● **Your instructions**:
Extract exactly and only the lines from the one containing "Quand Joseph S." through the end of the entries below. Pictures should not appear in the copy.
*** Begin section ***
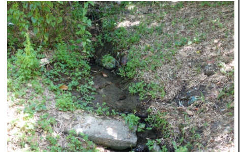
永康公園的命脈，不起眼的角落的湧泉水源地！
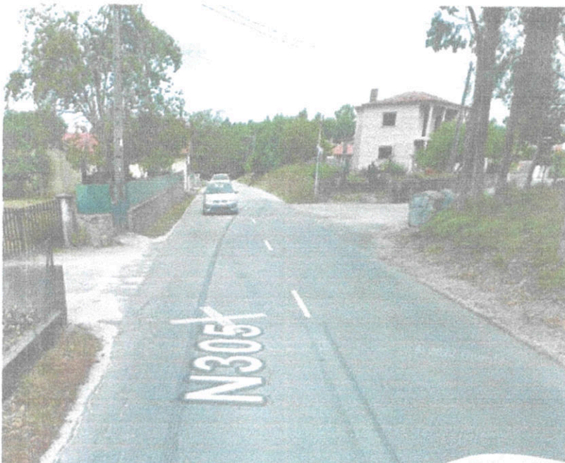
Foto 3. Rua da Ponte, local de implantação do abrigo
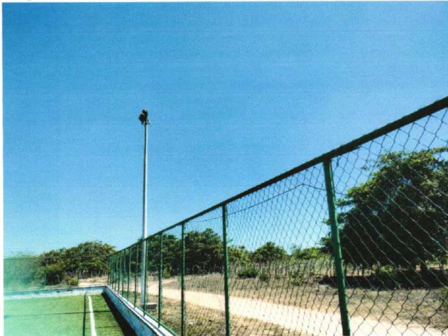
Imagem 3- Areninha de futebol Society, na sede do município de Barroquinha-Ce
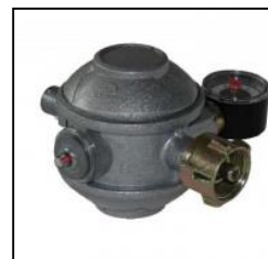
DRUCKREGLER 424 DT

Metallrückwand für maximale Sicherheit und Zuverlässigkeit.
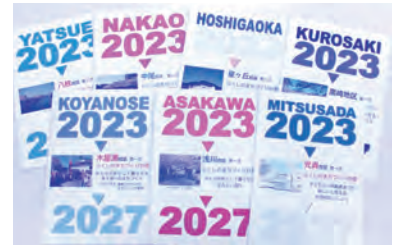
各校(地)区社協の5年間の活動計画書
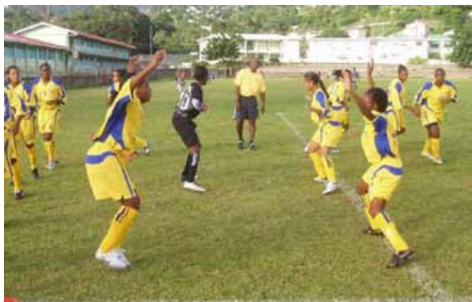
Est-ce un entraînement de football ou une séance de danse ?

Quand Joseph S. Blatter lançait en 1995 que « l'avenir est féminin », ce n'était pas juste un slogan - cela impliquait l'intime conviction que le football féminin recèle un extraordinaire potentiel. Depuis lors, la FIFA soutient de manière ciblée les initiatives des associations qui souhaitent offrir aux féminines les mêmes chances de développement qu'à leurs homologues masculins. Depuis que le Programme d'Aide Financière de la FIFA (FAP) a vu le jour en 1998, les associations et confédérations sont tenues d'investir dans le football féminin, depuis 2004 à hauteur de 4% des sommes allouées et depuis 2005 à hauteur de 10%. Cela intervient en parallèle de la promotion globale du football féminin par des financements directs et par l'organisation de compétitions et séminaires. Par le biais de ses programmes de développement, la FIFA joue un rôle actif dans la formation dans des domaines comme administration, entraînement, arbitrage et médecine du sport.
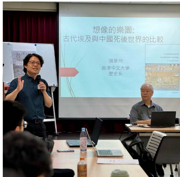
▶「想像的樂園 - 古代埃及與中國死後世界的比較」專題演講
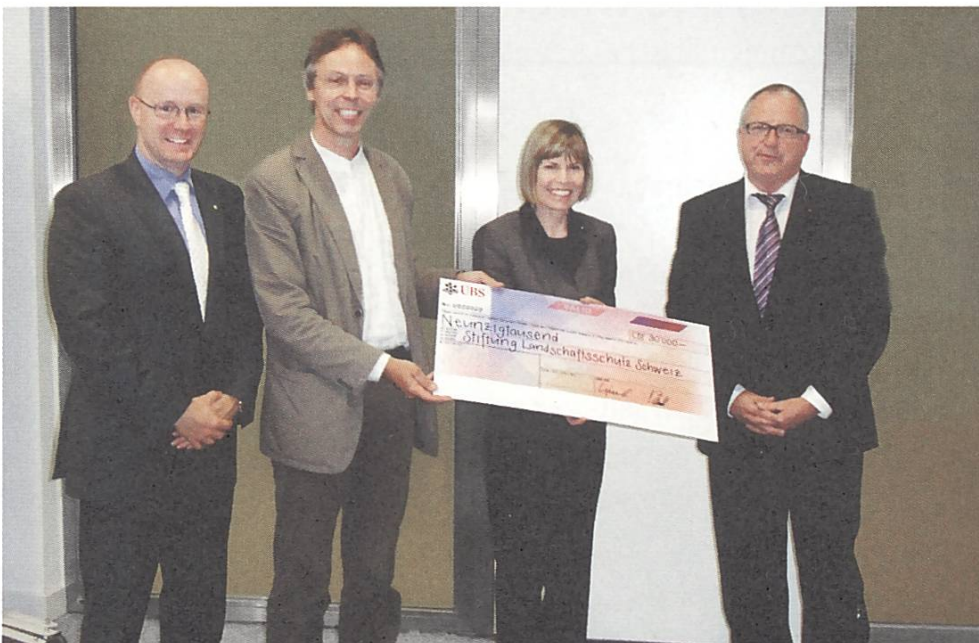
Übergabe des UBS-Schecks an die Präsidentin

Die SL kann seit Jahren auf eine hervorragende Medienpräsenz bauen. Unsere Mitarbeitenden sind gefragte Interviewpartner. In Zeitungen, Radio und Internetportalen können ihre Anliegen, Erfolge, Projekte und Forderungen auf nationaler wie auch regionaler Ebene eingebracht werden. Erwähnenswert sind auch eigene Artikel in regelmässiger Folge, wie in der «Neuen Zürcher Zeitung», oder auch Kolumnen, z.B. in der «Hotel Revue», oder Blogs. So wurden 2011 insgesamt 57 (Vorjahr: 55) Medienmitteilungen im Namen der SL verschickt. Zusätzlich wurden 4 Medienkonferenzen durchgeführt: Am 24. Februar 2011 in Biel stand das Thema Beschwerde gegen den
*** End section ***
● **Written answer**:
Quand Joseph S. Blatter lançait en 1995 que « l'avenir est féminin », ce n'était pas juste un slogan - cela impliquait l'intime conviction que le football féminin recèle un extraordinaire potentiel. Depuis lors, la FIFA soutient de manière ciblée les initiatives des associations qui souhaitent offrir aux féminines les mêmes chances de développement qu'à leurs homologues masculins. Depuis que le Programme d'Aide Financière de la FIFA (FAP) a vu le jour en 1998, les associations et confédérations sont tenues d'investir dans le football féminin, depuis 2004 à hauteur de 4% des sommes allouées et depuis 2005 à hauteur de 10%. Cela intervient en parallèle de la promotion globale du football féminin par des financements directs et par l'organisation de compétitions et séminaires. Par le biais de ses programmes de développement, la FIFA joue un rôle actif dans la formation dans des domaines comme administration, entraînement, arbitrage et médecine du sport.
▶「想像的樂園 - 古代埃及與中國死後世界的比較」專題演講
Übergabe des UBS-Schecks an die Präsidentin

Die SL kann seit Jahren auf eine hervorragende Medienpräsenz bauen. Unsere Mitarbeitenden sind gefragte Interviewpartner. In Zeitungen, Radio und Internetportalen können ihre Anliegen, Erfolge, Projekte und Forderungen auf nationaler wie auch regionaler Ebene eingebracht werden. Erwähnenswert sind auch eigene Artikel in regelmässiger Folge, wie in der «Neuen Zürcher Zeitung», oder auch Kolumnen, z.B. in der «Hotel Revue», oder Blogs. So wurden 2011 insgesamt 57 (Vorjahr: 55) Medienmitteilungen im Namen der SL verschickt. Zusätzlich wurden 4 Medienkonferenzen durchgeführt: Am 24. Februar 2011 in Biel stand das Thema Beschwerde gegen den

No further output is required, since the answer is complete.